The listing that follows is to be output in full and without change.

Record set –
○ ○ ○ ○

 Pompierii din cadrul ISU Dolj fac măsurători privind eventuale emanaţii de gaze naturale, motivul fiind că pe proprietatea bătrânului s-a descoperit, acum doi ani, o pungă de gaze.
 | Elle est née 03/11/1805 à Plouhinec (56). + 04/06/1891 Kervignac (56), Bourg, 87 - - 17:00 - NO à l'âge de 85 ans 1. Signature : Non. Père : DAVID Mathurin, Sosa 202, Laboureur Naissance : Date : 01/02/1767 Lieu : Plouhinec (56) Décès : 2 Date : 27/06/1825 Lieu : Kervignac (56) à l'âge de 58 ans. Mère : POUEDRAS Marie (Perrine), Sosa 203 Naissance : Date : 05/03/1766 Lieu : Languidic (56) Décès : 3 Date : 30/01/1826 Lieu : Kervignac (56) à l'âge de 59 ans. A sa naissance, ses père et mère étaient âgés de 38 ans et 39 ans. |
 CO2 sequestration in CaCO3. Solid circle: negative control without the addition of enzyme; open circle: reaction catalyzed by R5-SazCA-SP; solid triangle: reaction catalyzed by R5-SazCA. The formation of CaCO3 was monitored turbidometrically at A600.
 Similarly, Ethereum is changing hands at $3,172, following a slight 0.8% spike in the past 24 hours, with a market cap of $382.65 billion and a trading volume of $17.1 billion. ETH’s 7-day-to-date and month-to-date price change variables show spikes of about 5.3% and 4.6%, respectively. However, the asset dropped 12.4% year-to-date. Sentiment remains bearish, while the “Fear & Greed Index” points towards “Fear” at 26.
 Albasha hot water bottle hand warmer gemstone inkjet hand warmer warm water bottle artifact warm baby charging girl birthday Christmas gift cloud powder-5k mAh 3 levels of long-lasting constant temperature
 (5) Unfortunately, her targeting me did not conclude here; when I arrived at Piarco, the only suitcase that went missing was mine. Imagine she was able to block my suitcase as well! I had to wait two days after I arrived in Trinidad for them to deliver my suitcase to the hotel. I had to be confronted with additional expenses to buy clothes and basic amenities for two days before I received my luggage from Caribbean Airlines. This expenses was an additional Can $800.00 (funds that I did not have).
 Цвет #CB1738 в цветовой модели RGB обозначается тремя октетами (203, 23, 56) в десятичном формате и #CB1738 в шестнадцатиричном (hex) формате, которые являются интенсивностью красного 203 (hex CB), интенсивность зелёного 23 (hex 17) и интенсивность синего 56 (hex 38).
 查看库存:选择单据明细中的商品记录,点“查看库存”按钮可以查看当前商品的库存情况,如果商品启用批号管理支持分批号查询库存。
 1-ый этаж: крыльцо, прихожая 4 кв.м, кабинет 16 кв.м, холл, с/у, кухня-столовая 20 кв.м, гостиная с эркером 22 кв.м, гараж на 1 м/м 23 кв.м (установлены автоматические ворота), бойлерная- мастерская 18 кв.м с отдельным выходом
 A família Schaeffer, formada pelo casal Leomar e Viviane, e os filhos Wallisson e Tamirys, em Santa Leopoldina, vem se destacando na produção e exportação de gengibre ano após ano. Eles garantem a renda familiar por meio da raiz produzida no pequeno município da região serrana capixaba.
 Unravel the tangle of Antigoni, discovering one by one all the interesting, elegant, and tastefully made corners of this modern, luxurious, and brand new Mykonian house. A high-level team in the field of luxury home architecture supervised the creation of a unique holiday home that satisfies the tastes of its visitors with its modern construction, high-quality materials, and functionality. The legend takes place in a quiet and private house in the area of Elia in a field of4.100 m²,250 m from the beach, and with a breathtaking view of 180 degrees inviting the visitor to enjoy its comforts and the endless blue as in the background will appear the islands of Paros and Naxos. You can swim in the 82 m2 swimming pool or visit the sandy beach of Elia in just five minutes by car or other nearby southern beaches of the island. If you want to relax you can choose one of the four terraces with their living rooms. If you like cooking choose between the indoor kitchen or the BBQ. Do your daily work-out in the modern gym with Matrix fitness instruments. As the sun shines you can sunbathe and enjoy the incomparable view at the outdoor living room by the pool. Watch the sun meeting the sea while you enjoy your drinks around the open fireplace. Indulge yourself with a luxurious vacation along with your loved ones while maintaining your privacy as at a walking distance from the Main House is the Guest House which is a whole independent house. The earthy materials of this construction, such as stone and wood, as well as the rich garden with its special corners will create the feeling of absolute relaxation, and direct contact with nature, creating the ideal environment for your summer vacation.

○ ○ ○ ○

Exercise output –
 Pompierii din cadrul ISU Dolj fac măsurători privind eventuale emanaţii de gaze naturale, motivul fiind că pe proprietatea bătrânului s-a descoperit, acum doi ani, o pungă de gaze.
 | Elle est née 03/11/1805 à Plouhinec (56). + 04/06/1891 Kervignac (56), Bourg, 87 - - 17:00 - NO à l'âge de 85 ans 1. Signature : Non. Père : DAVID Mathurin, Sosa 202, Laboureur Naissance : Date : 01/02/1767 Lieu : Plouhinec (56) Décès : 2 Date : 27/06/1825 Lieu : Kervignac (56) à l'âge de 58 ans. Mère : POUEDRAS Marie (Perrine), Sosa 203 Naissance : Date : 05/03/1766 Lieu : Languidic (56) Décès : 3 Date : 30/01/1826 Lieu : Kervignac (56) à l'âge de 59 ans. A sa naissance, ses père et mère étaient âgés de 38 ans et 39 ans. |
 CO2 sequestration in CaCO3. Solid circle: negative control without the addition of enzyme; open circle: reaction catalyzed by R5-SazCA-SP; solid triangle: reaction catalyzed by R5-SazCA. The formation of CaCO3 was monitored turbidometrically at A600.
 Similarly, Ethereum is changing hands at $3,172, following a slight 0.8% spike in the past 24 hours, with a market cap of $382.65 billion and a trading volume of $17.1 billion. ETH’s 7-day-to-date and month-to-date price change variables show spikes of about 5.3% and 4.6%, respectively. However, the asset dropped 12.4% year-to-date. Sentiment remains bearish, while the “Fear & Greed Index” points towards “Fear” at 26.
 Albasha hot water bottle hand warmer gemstone inkjet hand warmer warm water bottle artifact warm baby charging girl birthday Christmas gift cloud powder-5k mAh 3 levels of long-lasting constant temperature
 (5) Unfortunately, her targeting me did not conclude here; when I arrived at Piarco, the only suitcase that went missing was mine. Imagine she was able to block my suitcase as well! I had to wait two days after I arrived in Trinidad for them to deliver my suitcase to the hotel. I had to be confronted with additional expenses to buy clothes and basic amenities for two days before I received my luggage from Caribbean Airlines. This expenses was an additional Can $800.00 (funds that I did not have).
 Цвет #CB1738 в цветовой модели RGB обозначается тремя октетами (203, 23, 56) в десятичном формате и #CB1738 в шестнадцатиричном (hex) формате, которые являются интенсивностью красного 203 (hex CB), интенсивность зелёного 23 (hex 17) и интенсивность синего 56 (hex 38).
 查看库存:选择单据明细中的商品记录,点“查看库存”按钮可以查看当前商品的库存情况,如果商品启用批号管理支持分批号查询库存。
 1-ый этаж: крыльцо, прихожая 4 кв.м, кабинет 16 кв.м, холл, с/у, кухня-столовая 20 кв.м, гостиная с эркером 22 кв.м, гараж на 1 м/м 23 кв.м (установлены автоматические ворота), бойлерная- мастерская 18 кв.м с отдельным выходом
 A família Schaeffer, formada pelo casal Leomar e Viviane, e os filhos Wallisson e Tamirys, em Santa Leopoldina, vem se destacando na produção e exportação de gengibre ano após ano. Eles garantem a renda familiar por meio da raiz produzida no pequeno município da região serrana capixaba.
 Unravel the tangle of Antigoni, discovering one by one all the interesting, elegant, and tastefully made corners of this modern, luxurious, and brand new Mykonian house. A high-level team in the field of luxury home architecture supervised the creation of a unique holiday home that satisfies the tastes of its visitors with its modern construction, high-quality materials, and functionality. The legend takes place in a quiet and private house in the area of Elia in a field of4.100 m²,250 m from the beach, and with a breathtaking view of 180 degrees inviting the visitor to enjoy its comforts and the endless blue as in the background will appear the islands of Paros and Naxos. You can swim in the 82 m2 swimming pool or visit the sandy beach of Elia in just five minutes by car or other nearby southern beaches of the island. If you want to relax you can choose one of the four terraces with their living rooms. If you like cooking choose between the indoor kitchen or the BBQ. Do your daily work-out in the modern gym with Matrix fitness instruments. As the sun shines you can sunbathe and enjoy the incomparable view at the outdoor living room by the pool. Watch the sun meeting the sea while you enjoy your drinks around the open fireplace. Indulge yourself with a luxurious vacation along with your loved ones while maintaining your privacy as at a walking distance from the Main House is the Guest House which is a whole independent house. The earthy materials of this construction, such as stone and wood, as well as the rich garden with its special corners will create the feeling of absolute relaxation, and direct contact with nature, creating the ideal environment for your summer vacation.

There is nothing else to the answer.